# Brief:
The listing is to be repeated exactly, and its pictures are to be left out.

# Information supplied:
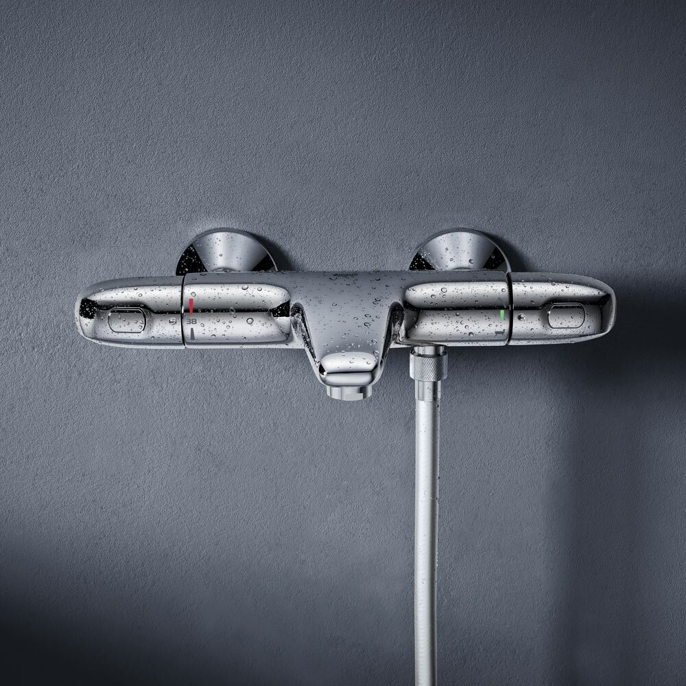 Смесители Grohtherm 1000 с термостатическим элементом интересны своими преимуществами в технологии смешивания воды и привлекательной ценой. В этом функциональном и надежном смесителе использована последняя технологическая разработка – GROHE TurboStat®. Она позволяет принимать душ с постоянной температурой воды, даже если кто нибудь еще в доме пользуется водой.
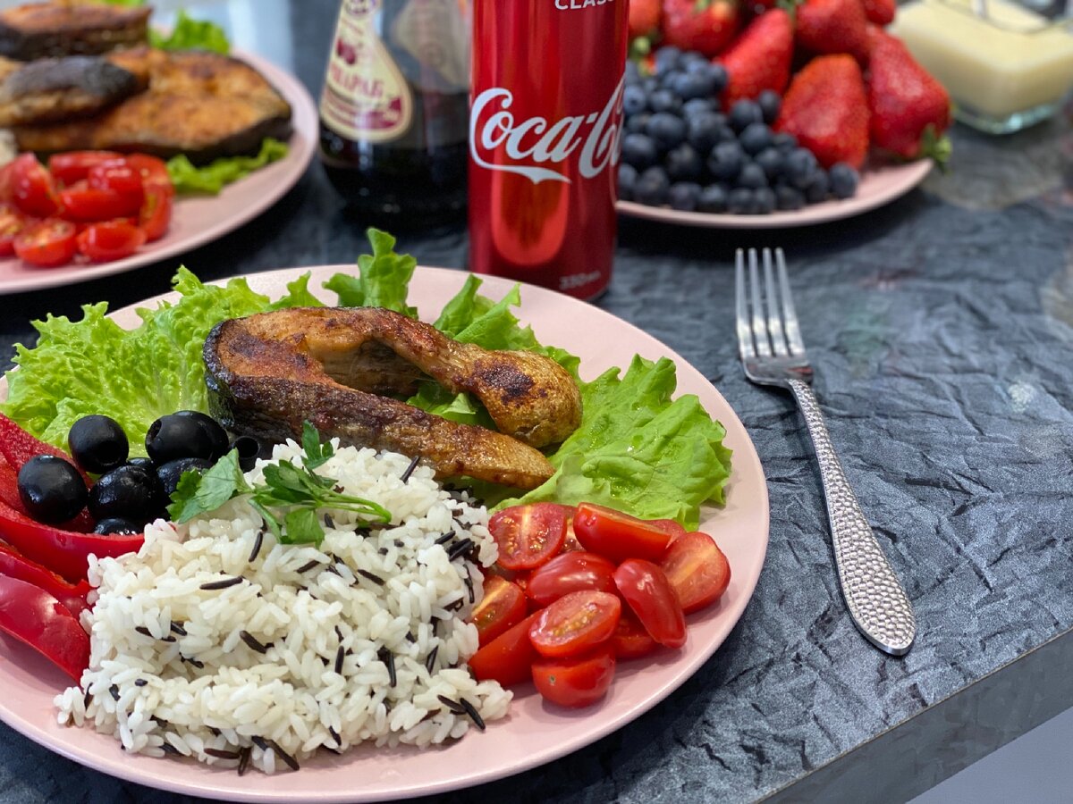 Рыба запечённая,рис басмати и конечно же овощи,
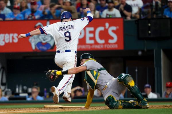 Josh Jung hit a go-ahead, two-run homer in the sixth inning as the Texas Rangers beat the Athletics 4-3 on Saturday in Arlington, Texas.

# Answer to this problem:
 Смесители Grohtherm 1000 с термостатическим элементом интересны своими преимуществами в технологии смешивания воды и привлекательной ценой. В этом функциональном и надежном смесителе использована последняя технологическая разработка – GROHE TurboStat®. Она позволяет принимать душ с постоянной температурой воды, даже если кто нибудь еще в доме пользуется водой.
 Рыба запечённая,рис басмати и конечно же овощи,
 Josh Jung hit a go-ahead, two-run homer in the sixth inning as the Texas Rangers beat the Athletics 4-3 on Saturday in Arlington, Texas.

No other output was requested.